▶ **Input for this task**:
▽

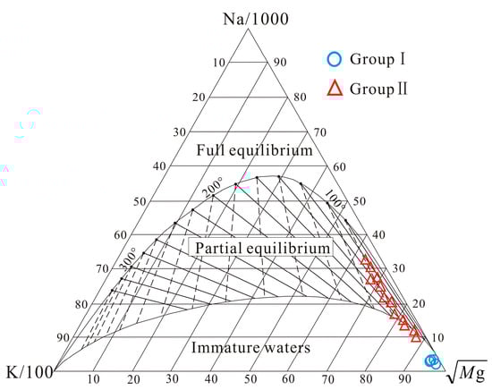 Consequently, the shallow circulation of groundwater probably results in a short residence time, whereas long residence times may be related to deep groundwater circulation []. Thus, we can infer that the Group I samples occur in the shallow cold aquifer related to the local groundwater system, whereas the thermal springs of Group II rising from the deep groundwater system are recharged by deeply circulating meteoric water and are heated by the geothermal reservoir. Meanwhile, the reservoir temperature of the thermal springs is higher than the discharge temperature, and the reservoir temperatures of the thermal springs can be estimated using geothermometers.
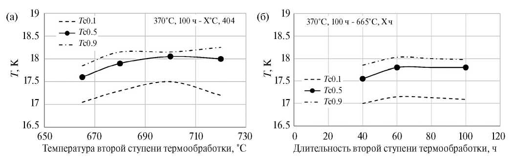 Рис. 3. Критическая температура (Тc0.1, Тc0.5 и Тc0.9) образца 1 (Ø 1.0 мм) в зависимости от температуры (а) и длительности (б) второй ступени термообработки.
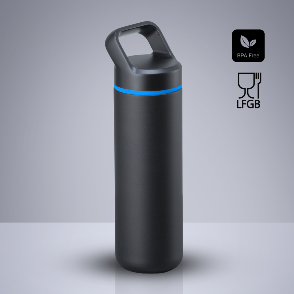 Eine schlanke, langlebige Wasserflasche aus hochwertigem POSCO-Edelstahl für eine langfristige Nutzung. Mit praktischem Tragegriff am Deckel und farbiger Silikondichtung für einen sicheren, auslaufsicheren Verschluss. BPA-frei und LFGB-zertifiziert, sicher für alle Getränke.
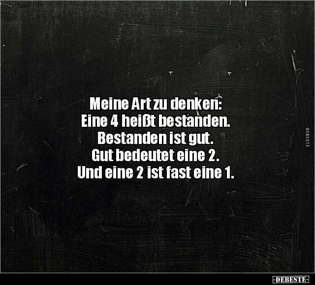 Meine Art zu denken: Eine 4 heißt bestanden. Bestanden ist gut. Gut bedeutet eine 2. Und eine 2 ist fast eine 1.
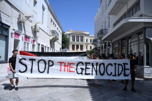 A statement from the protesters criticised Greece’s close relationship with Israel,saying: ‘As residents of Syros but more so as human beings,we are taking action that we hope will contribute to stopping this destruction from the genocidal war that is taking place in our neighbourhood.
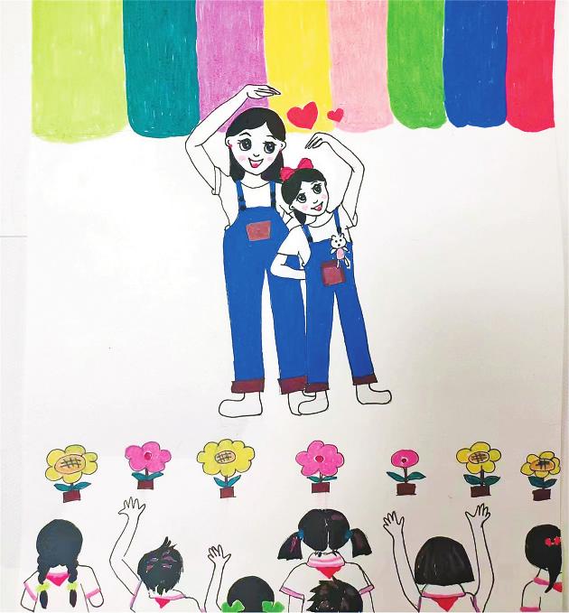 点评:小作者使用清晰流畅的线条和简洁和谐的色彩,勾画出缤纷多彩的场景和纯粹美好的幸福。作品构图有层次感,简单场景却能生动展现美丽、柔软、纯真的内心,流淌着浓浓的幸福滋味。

△
▽

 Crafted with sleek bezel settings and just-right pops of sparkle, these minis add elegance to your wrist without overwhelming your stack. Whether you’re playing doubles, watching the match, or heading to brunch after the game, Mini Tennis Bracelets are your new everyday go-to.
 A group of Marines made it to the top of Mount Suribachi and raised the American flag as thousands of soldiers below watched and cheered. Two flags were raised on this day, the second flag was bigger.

△

▶ **To do**: I would like the exact lines from the data above, starting with the one that holds "A statement from" and going on through the one that holds "点评:小作者使用清晰流畅的线", without the pictures.

▶ **Reply**:
 A statement from the protesters criticised Greece’s close relationship with Israel,saying: ‘As residents of Syros but more so as human beings,we are taking action that we hope will contribute to stopping this destruction from the genocidal war that is taking place in our neighbourhood.
 点评:小作者使用清晰流畅的线条和简洁和谐的色彩,勾画出缤纷多彩的场景和纯粹美好的幸福。作品构图有层次感,简单场景却能生动展现美丽、柔软、纯真的内心,流淌着浓浓的幸福滋味。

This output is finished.